Размещенная здесь с петровских времен скульптура имеет в отличие от современной парковой скульптуры определенный сектор обзора. «Мертвая зона» скульптур и бюстов, представляющая собой практически необработанный мрамор, должна была, по замыслу проектировщиков, скрыта зеленым растительным фоном, на котором они должны смотреться наиболее эффектно, да и сама идея формирования рекреационной зоны возле дворца утратила свое первоначальное значение, но, тем не менее, магия места и истории заставляет считать нас Летний сад выдающимся памятником ландшафтной архитектуры.
Жителей города всегда тянуло на его аллеи. Сначала, с 1755 года, сюда пускали горожан по избранным дням, к началу девятнадцатого века сад стал излюбленным местом встреч и отдыха петербуржцев. «Летний сад – мой огород», – писал Пушкин. Так отрекомендовать уголок города, который, по сути, принадлежит всем, можно лишь при условии, если случится обнаружить там нечто созвучное своей душе, что-то очень понятное и близкое. Те, кому посчастливилось посетить Летний сад, будут всегда хранить в себе впечатления о нем. Действительно, без этой достопримечательности невозможен Петербург. Без прозрачной, невесомой, как белая ночь, Фельтеновской решетки, «медуз» Шарлеманя, малой архитектуры Росси и Трезини. Где, как не здесь удается остановить мгновение и почувствовать его наполненность и великолепие, увидеть, как растет трава, как серебрится лист тополя по своим неровным краям, как прихотлив и изыскан мельчайший цветок резеды и блестит разноцветным атласом лепесток кассии. Здесь даже утраченное заявляет о себе, нависает какой-то задумчивой фигурой невысказанное™. Наверное, только так и может говорить с нами история, на своем сложном языке – многозначительном и невыразимом по существу, где смысл угадывается лишь местами, для которого и мы – лишь часть речи.

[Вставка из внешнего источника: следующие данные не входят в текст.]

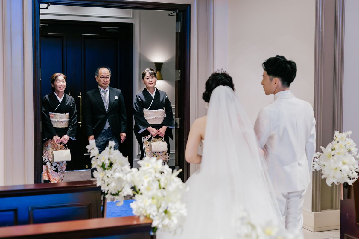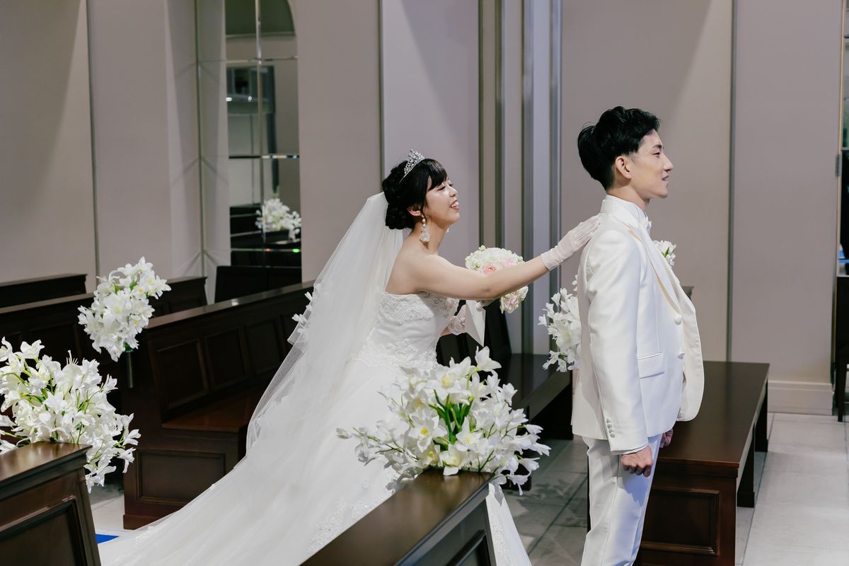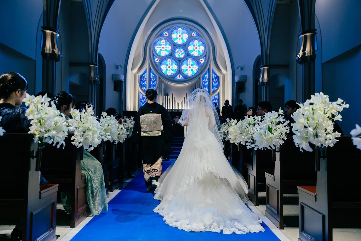 挙式では、長いバージンロードをお母様との思い出を振り返りながら一歩一歩噛み締めて歩くことができたというご新婦。青いバージンロードに、胸元がきらめくウェディングドレスがより一層映えていらっしゃいました。全面のレースが2つに分かれた、他にはないデザインが特徴の一着で、スタイリストと一緒によりご自身に似合うドレスを選んでいったそうです。

«Песня кварталов запыленных, песня бездомных и влюбленных».
Название живописной композиции Василия Милиоти
Как бы ни был привлекателен «блистательный Санкт-Петербург» с его великолепием, не менее интересен и другой Петербург, город, расположенный в тех же границах, но с совершенно непохожей историей и иной природой. Его архитектура, столь отличная от творений великих зодчих, представлена более разнообразно: от утлых завокзальных домишек до поражающих воображение индустриальных колоссов. Бесконечные ограды, стены, щитовые и бревенчатые сооружения, металлические конструкции из арматуры и листового железа, расположены без всякого плана, сосуществуя с угрюмой городской флорой, стихийно заполонившей все клочки свободной земли. Здесь невольно вспоминается Даниил Андреев с его верой в живую природу стран и городов: только живым организмам свойственно так приспосабливаться к своему окружению, которым здесь является Петербург блистательный.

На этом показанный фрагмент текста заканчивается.